Regarding the gene expression levels, fold-change and FDR values from RNA sequencing analysis, a complementary material in this new version of the manuscript was supplied (S2-5 Tables). Indeed, RNA sequence data is also available from the GEO repository (https://www.ncbi.nlm.nih.gov/geo, accession number GSE147813).

1.2. In fairness, the authors state (line 465) that some findings are from "different experimental strategies". But this nevertheless gives the reader a sense of cherry picking results that fit conventional wisdom within the field.

AUTHOR: The term “different experimental strategies” was removed. We revised the manuscript text and hope that this kind of written did not happen in this new version.

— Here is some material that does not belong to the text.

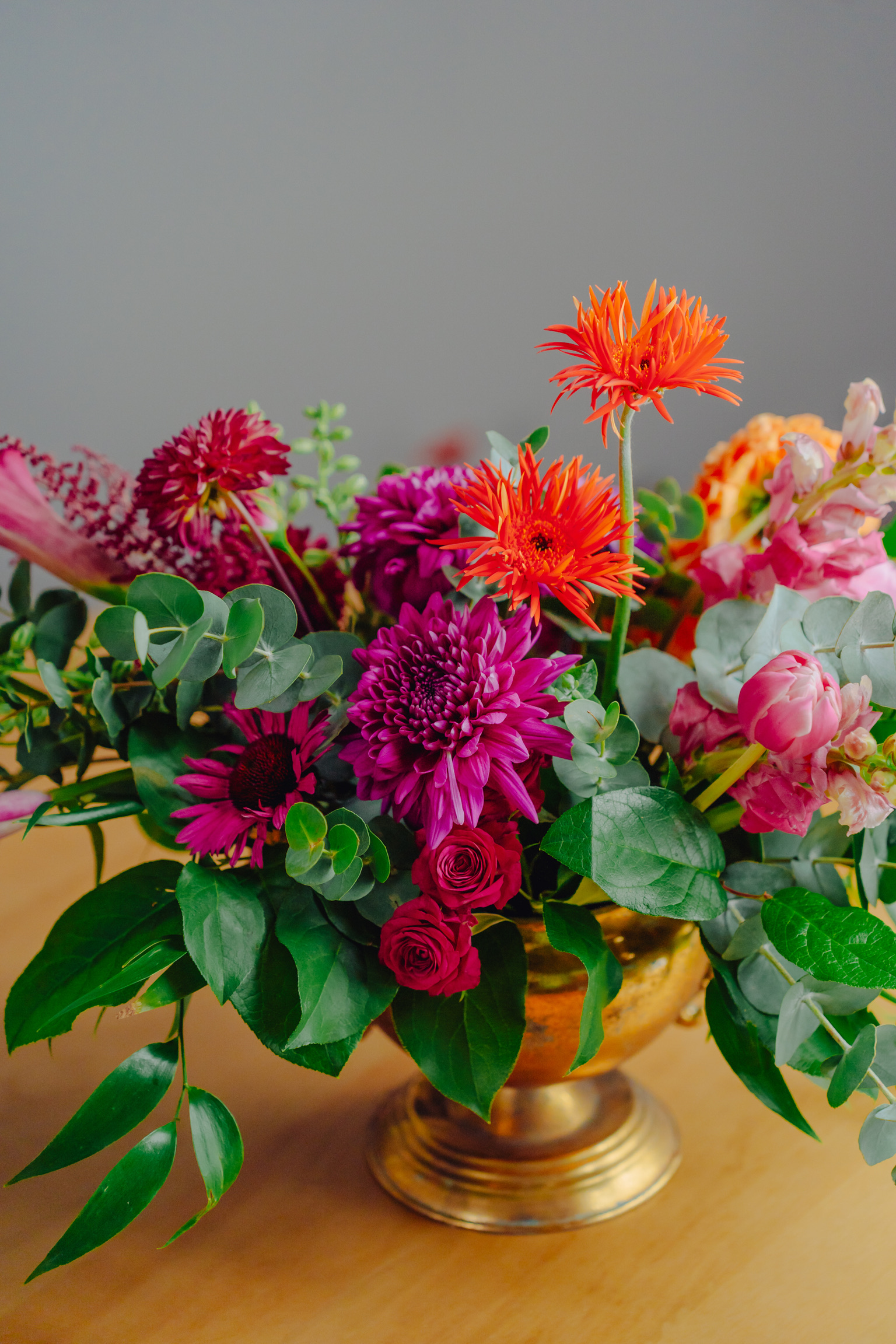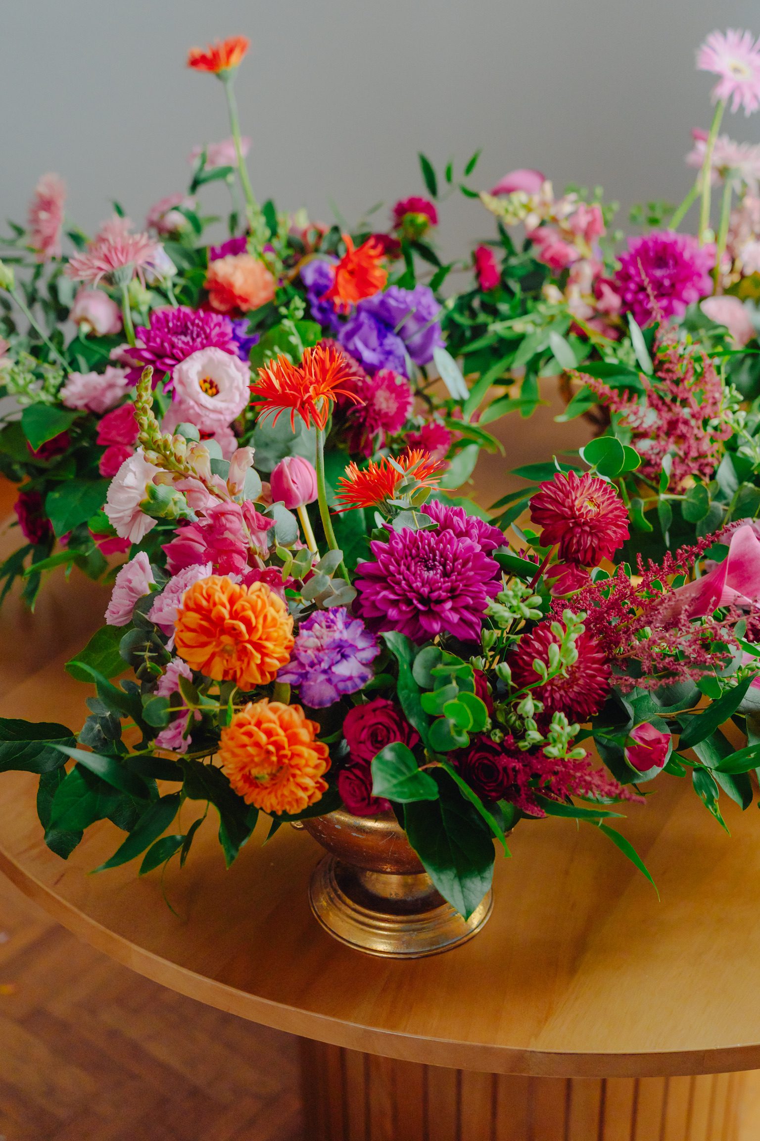 Aranjamentele florale de tip centerpiece sunt preferatele noastre, fie că vorbim despre botez, nuntă, aniversare, eveniment corporate sau cină festivă. Realizăm aranjamente florale gardening, în diferite tipuri de suporturi: vase din sticlă, ceramică, pocaluri vintage, mix de văzuțe de diferite tipuri și dimensiuni, cutii din catifea, suporturi înalte, precum sfeșnicele aurii de 85 cm înălțime, suporturi rectangulare sau circulare. Avem o recuzită variată și ne place să personalizăm fiecare poveste în parte.

1.3. Figure 6: It is unclear to me why these genes are suddenly tested in buffy blood? Why not use the MDM results from FigS2? (line 374 in the main text refers to FigS2 as "RNA sequencing" but it appears to be RT-qPCR results as well, which is also stated in its legend). And why are the same genes not tested (or presented) for both buffy and MDM?

AUTHOR: We tested the buffy coat cells in order to establish an association of in vitro MDM transcriptomes to the peripheral immune response which were preferentially displayed by Holstein and Gir breeds under homeostatic conditions. To validate RNA sequencing data, we tested genes that are considered classical markers for M1 and M2 macrophages phenotype (NOS2, NRROS, IL10, OAT) and important for MDM activation of pro inflammatory status (TLR4, IRAK2, NFKB2, GATA-3, BMPR1, ENGL3, C3). Since our RNA sequencing results pointed to a more prominent M1 macrophage phenotype in the Gir (indicine breed), we investigated if it might be involved in differences that mediate development of divergent patterns of systemic immune response. By using buffy coat cells to access the levels of transcripts for molecules that are involved with inflammatory and innate immune responses, we observed that Holstein (taurine breed) displayed lower expression of all selected genes, especially the ones involved in production of oxygen reactive species and complement. This emphasized the hypothesis that taurine animals might have a compromised innate immune response that might influence T helper development responses when compared to indicine animals. Nevertheless, our team realize that additional experiments must be done in order to validate this information. Various literature references were cited in the manuscript discussion in order to support this information. We also did a nitrite dosage in the serum of all animals involved in the experiment and showed that taurine animals showed lower levels of this molecule which might implicate in impairment of Th1 responses and higher susceptibility to infection and parasite diseases, also discussed along the manuscript. So, we did not test the same genes for macrophage and buffy coat since we were trying to answer different questions that corroborate the unique hypothesis that Holstein and Gir bovine breeds may show different immune responses due to the macrophage transcriptional signatures. We hope that this new version of the manuscript is better written in order to promote a clearer interpretation of our hypothesis and results.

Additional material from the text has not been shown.